Poster Presentation 36th TROG Cancer Research Annual Scientific Meeting 2024

Computational analysis and artificial intelligence approaches for the FET PET in Glioblastoma (FIG) Trial - TROG 18.06 (#101)

Nathaniel Barry 1 2 , Eng-Siew Koh 3 4 , Pejman Rowshanfarzad 1 2 , Martin A Ebert 1 2 5 , Andrew M Scott 6 7 8 9
  1. University of Western Australia, Crawley, WA, Australia
  2. Centre for Advanced Technologies in Cancer Research (CATCR), Perth, WA, Australia
  3. Department of Radiation Oncology, Liverpool and Macarthur Cancer Therapy Centres, Liverpool, NSW, Australia
  4. South Western Clinical School, University of New South Wales, Sydney, NSW, Australia
  5. Department of Radiation Oncology, Sir Charles Gairdner Hospital, Nedlands, WA, Australia
  6. Olivia Newton-John Cancer Research Intitute, Heidelberg, VIC, Australia
  7. Department of School of Cancer Medicine, La Trobe University, Heidelberg, VIC, Australia
  8. Department of Molecular Imaging and Therapy, Austin Health, Heidelberg, VIC, Australia
  9. Faculty of Medicine, University of Melbourne, Parkville, VIC, Australia

Background

The [18F]-fluoroethyl-L-tyrosine (FET) PET in Glioblastoma (FIG) Study is an Australian, prospective, multicenter trial evaluating the impact of FET PET on the treatment management of glioblastoma patients. Up to 210 adult glioblastoma patients will undergo FET PET pre-radiochemotherapy, one-month post-radiochemotherapy, and at suspected progression.

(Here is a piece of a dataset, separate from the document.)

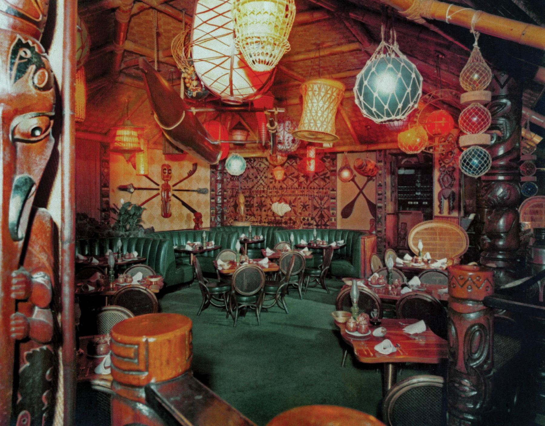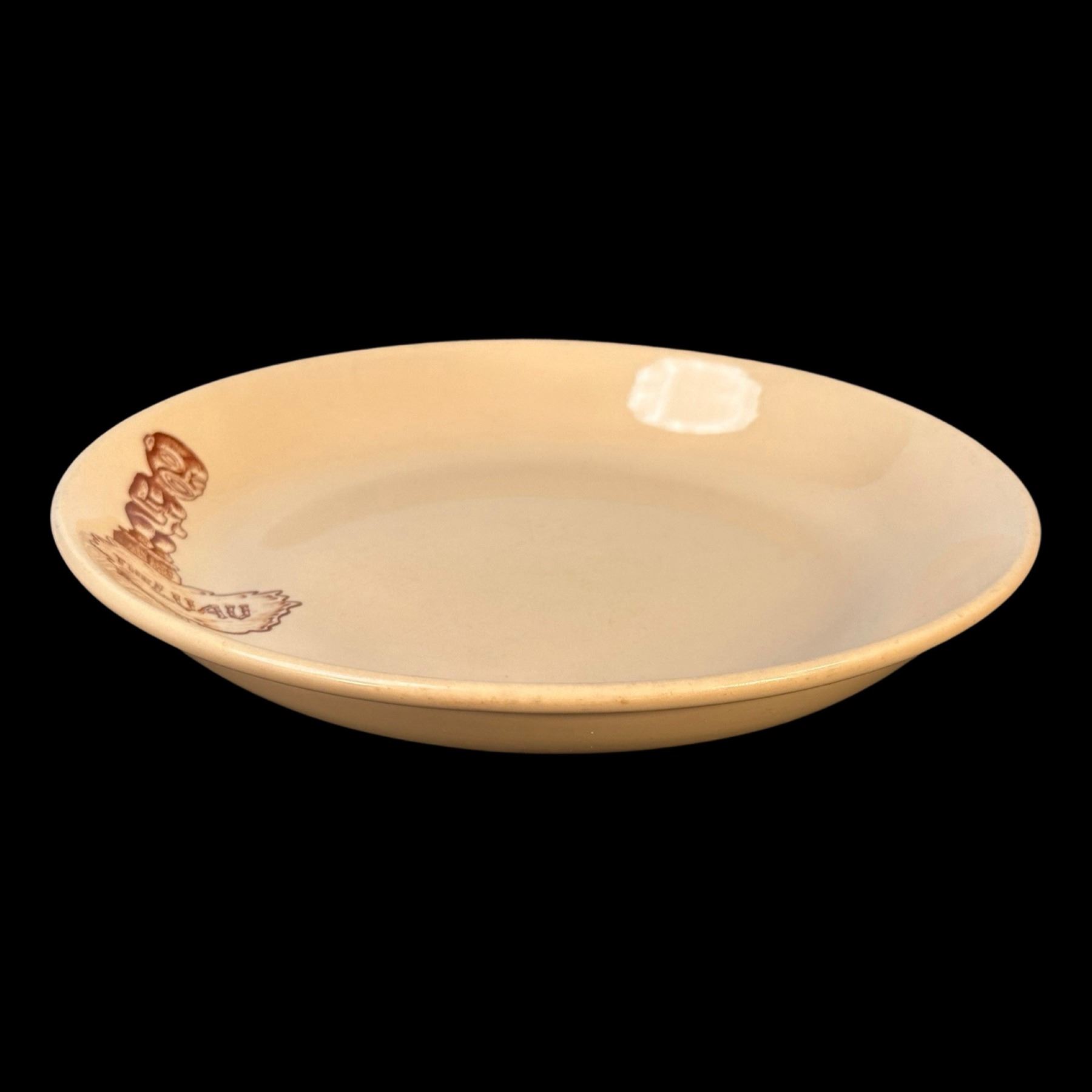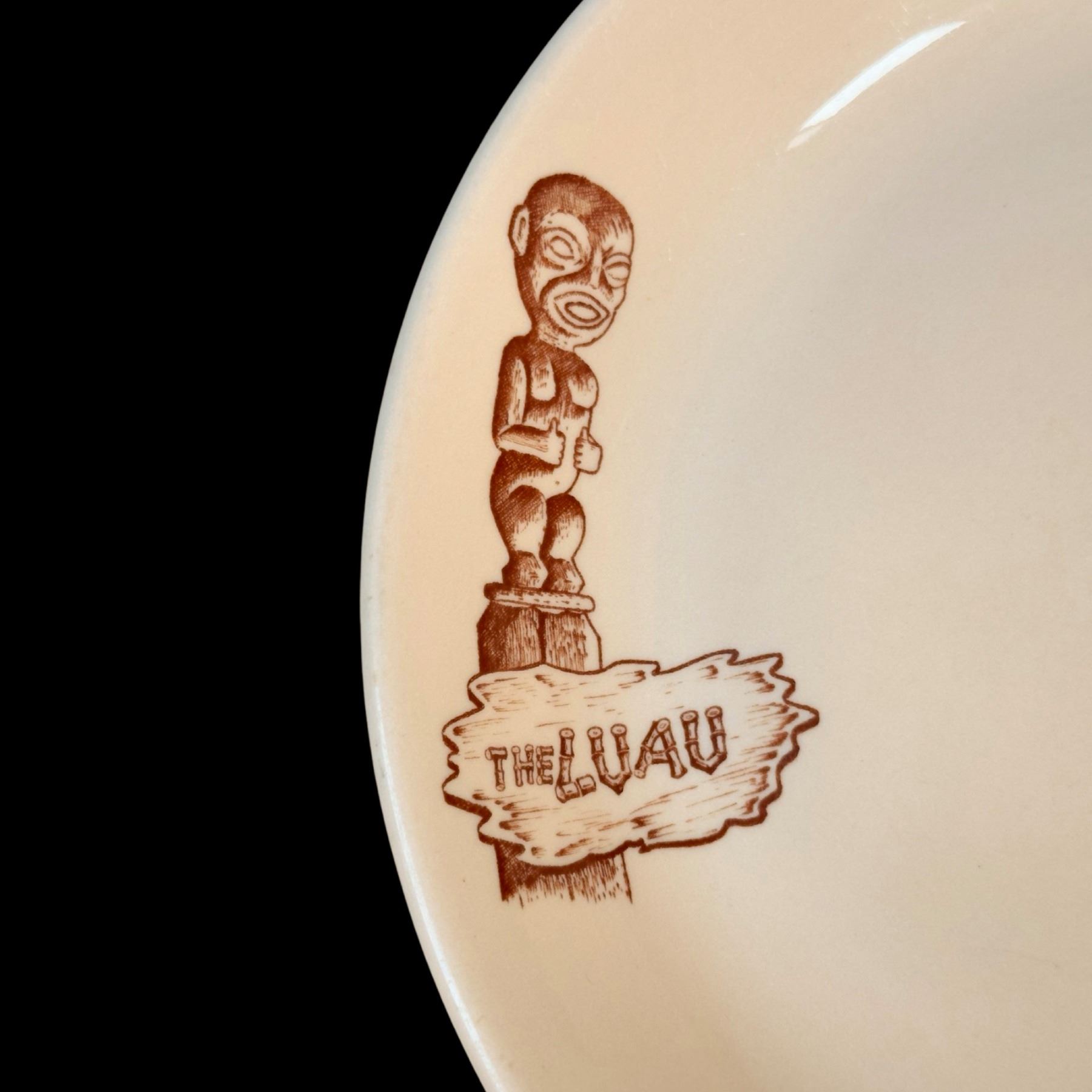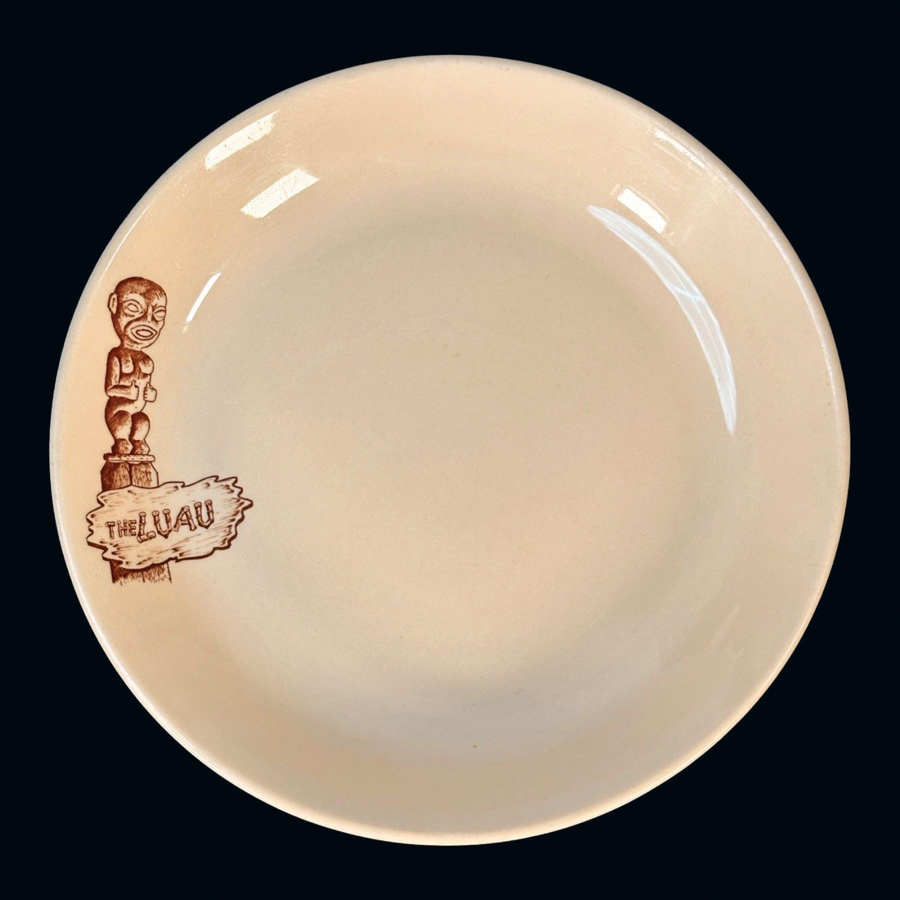 (1950s) A unique configuration serving plate from The LUAU. The high rise edge was for serving noodles and pasta. A somewhat rare piece of serving ware. VG+. 9.25"dia.

Detailed analysis of static and dynamic FET PET images and comparison to clinical outcomes is a key objective of the trial, and computational modelling approaches are part of this approach.

Aims

To develop an automatic FET PET segmentation network to enhance computational analysis of the FIG study image datasets.

Methods

Although we have experience in quantitative analysis of FET PET, to understand the current framework of artificial intelligence approaches, we have also conducted a review of the literature to gauge its applicability to the FIG study. The methodologies employed in these studies will be incorporated into network and model design, highlighting what tools may be developed, to create efficient workflows to analyse the resulting trial data.

Results

Development of a multilabel automatic segmentation solution for FET PET images will be presented, taking advantage of state-of-the-art, intuitive networks. Our approach will conform with published guidelines when contouring a biological tumour volume, noting the emerging relevance of neural networks to final workflows. The automatically generated structures may then be used to assess treatment response by change in quantitative metrics. In addition, radiomics and AI models can follow once a network is established, which we will explore in the FIG study, using static and dynamic image data.

Conclusion

The data obtained from the ongoing FIG trial will present a unique opportunity to use computational analysis and artificial intelligence to develop automatic segmentation networks and prognostic models for FET PET studies.